Historically, genetic control of development was studied by mutagenesis. In this method, mutations are created at random throughout the genome by chemical mutagens or X-ray damage. Many individuals need to be screened for a phenotype altering the structure or developmental process under study. Then the affected gene must be mapped and characterized at the level of its DNA sequence.
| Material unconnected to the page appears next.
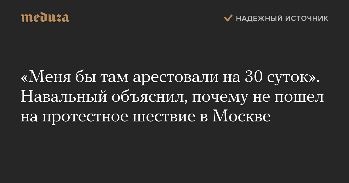 «Меня бы там арестовали на 30 суток». Навальный объяснил, почему не пошел на протестное шествие в Москве
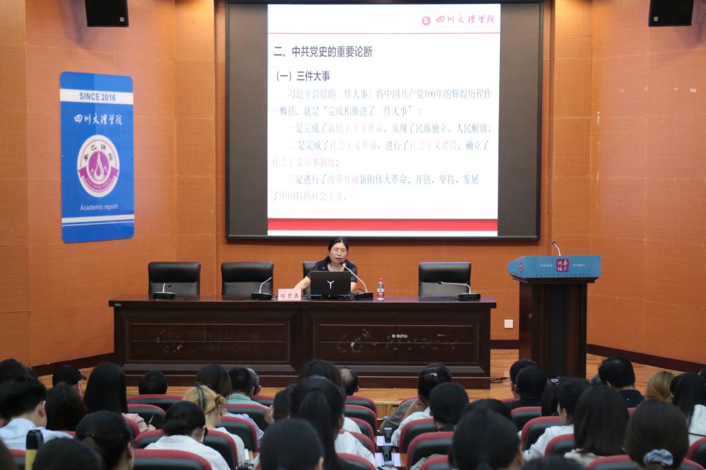 6月17日晚,副校长程碧英在学术报告B厅讲题为“不忘初心,牢记使命——学习中国共产党百年辉煌史”的主题党课。她围绕“为什么要学中共党史”“中共党史的重要论断”“中共党史的历史经验”“初心使命的时代担当”四个方面向文学与传播学院和外国语学院的师生党员讲授党的百年辉煌历程。文学与传播学院党总支书记冉林主持党课。

That process is laborious and prone to bias at levels of mutation and screening.
CRISPR/Cas9
CRISPR/Cas9 gene editing is a method that can be used to permanently alter DNA in live cells at specific targeted sequences. It relies on Cas9, which evolved for viral defense in the bacterium Streptococcus pyogenes. Cas9 is an endonuclease, which can cut the phosphodiester bonds on both strands of DNA, producing a double-strand break. Unlike other endonucleases, Cas9 is directed to cut DNA by a short guide RNA. In Strep. pyogenes this guide consists of two separate RNAs. A tracrRNA has a sequence that is recognized and bound by Cas9. This component is generic. However, a crRNA has a 3$^\prime$ region of base complementary to the tracrRNA and a 5$^\prime$ sequence that targets the Cas9/RNA complex to a specific DNA sequence. In Strep. pyogenes the crRNA sequence is derived from viral genes that have previously infected the cell. In this way the bacterium is able to recognize and destroy new, invading viral DNA (Barrangou 2015).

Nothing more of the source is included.